#### INPUT RECORDS
——

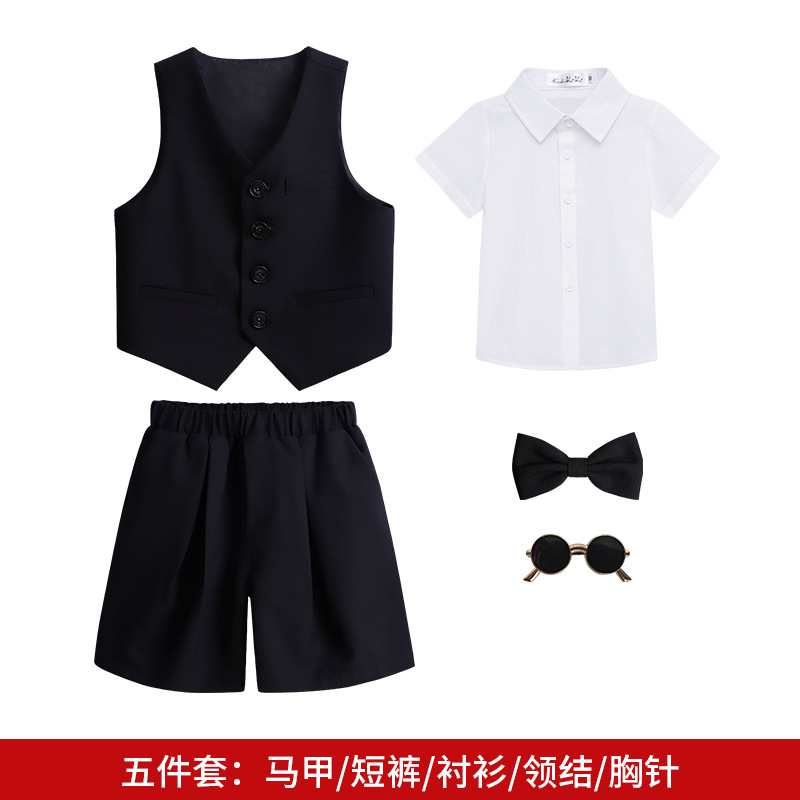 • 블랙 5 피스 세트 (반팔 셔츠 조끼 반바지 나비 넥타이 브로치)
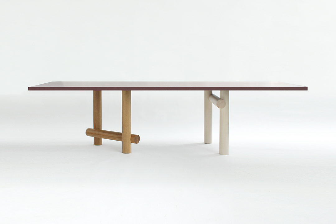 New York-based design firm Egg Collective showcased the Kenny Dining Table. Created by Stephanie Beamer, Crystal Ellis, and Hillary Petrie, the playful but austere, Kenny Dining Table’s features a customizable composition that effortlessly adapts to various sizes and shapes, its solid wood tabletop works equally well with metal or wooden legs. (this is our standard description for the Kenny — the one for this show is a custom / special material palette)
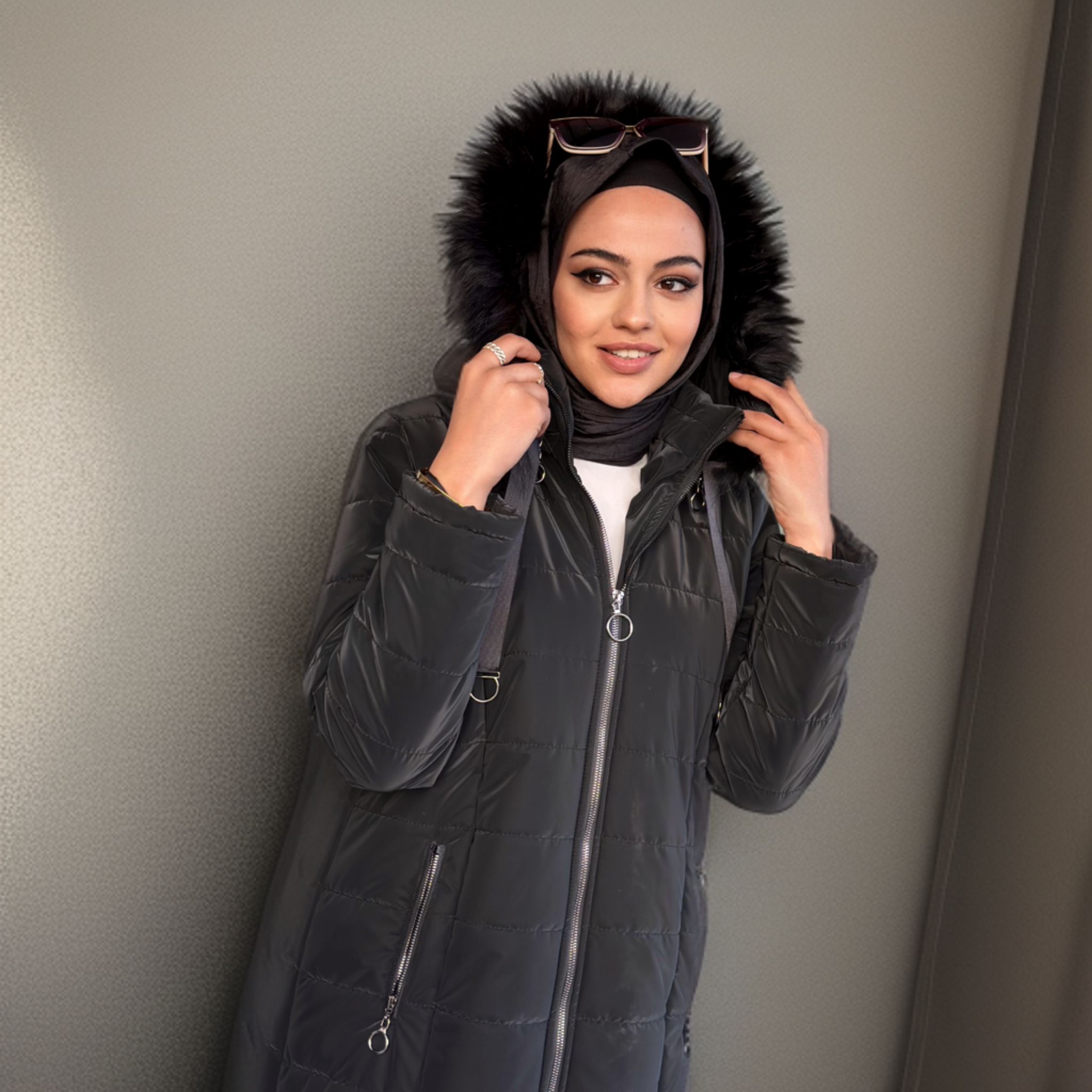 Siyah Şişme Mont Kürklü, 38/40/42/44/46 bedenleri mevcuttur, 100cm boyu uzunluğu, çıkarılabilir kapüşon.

——

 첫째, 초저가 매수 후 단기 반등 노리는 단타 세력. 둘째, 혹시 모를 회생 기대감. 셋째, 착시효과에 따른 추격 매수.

——

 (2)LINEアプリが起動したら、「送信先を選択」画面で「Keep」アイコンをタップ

——

#### WHAT THE EXERCISE ASKS
With the pictures removed, print only the lines starting at the line that has "나비 넥타이 브로치)" and ending at the line that has "New York-based design", both ends included, exactly as they stand above.

#### RESULT FOR THIS EXERCISE
 • 블랙 5 피스 세트 (반팔 셔츠 조끼 반바지 나비 넥타이 브로치)
 New York-based design firm Egg Collective showcased the Kenny Dining Table. Created by Stephanie Beamer, Crystal Ellis, and Hillary Petrie, the playful but austere, Kenny Dining Table’s features a customizable composition that effortlessly adapts to various sizes and shapes, its solid wood tabletop works equally well with metal or wooden legs. (this is our standard description for the Kenny — the one for this show is a custom / special material palette)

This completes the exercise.